In the process of forecasting behavior to optimize the performance of the cars in any transportation system (horizontal or vertical), there are many pieces of information necessary concerning the system that should be obtained. The acquisition of detailed information helps the system in fine tuning its optimization based on this extended knowledge.
One piece of information that can be important to the evaluation or prediction of any building behavior is the building's population spread, that is, how many elevator users are present on a floor-by-floor basis in the building. One can easily understand that an executive floor with a population of, for example, ten (10) people would have a smaller demand for elevator service than would a restaurant floor with a population of, for example, two hundred (200) people.
This shows the need for acquiring the population density of the building on a floor-by-floor basis. Knowing this information provides the system with the ability to decide when the floor is full, empty, moderately full, etc. The availability of this information or knowledge permits the system to make corrective or more accurate decisions based on, for example, historically predicted values.

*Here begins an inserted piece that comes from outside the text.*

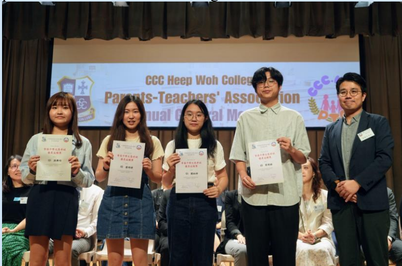
Pic: Awardees of HWC PTA The Best Results in DSE Award (HKDSE 2024)

18/10 The 24 th Annual General Meeting of the PTA, a subject selection talk for S3 students and parents as well as class teachers' meetings for other forms were held. Approximately six hundred parents attended the Parents' Night.

It is believed that, prior to the present invention, there has been no system or procedure that dynamically evaluated the population density of a building. If population was used, it typically was a hard-coded table that was not changed or updated by the system itself. Should any alteration be required, the user or system maintainer had to physically change the numbers, i.e., re-program the numbers, to provide the best "guesstimate" of the values. Such an operationally static system is not as desirable as a dynamic one, which provides updated, accurate information on a "real time" on-going basis within the system itself.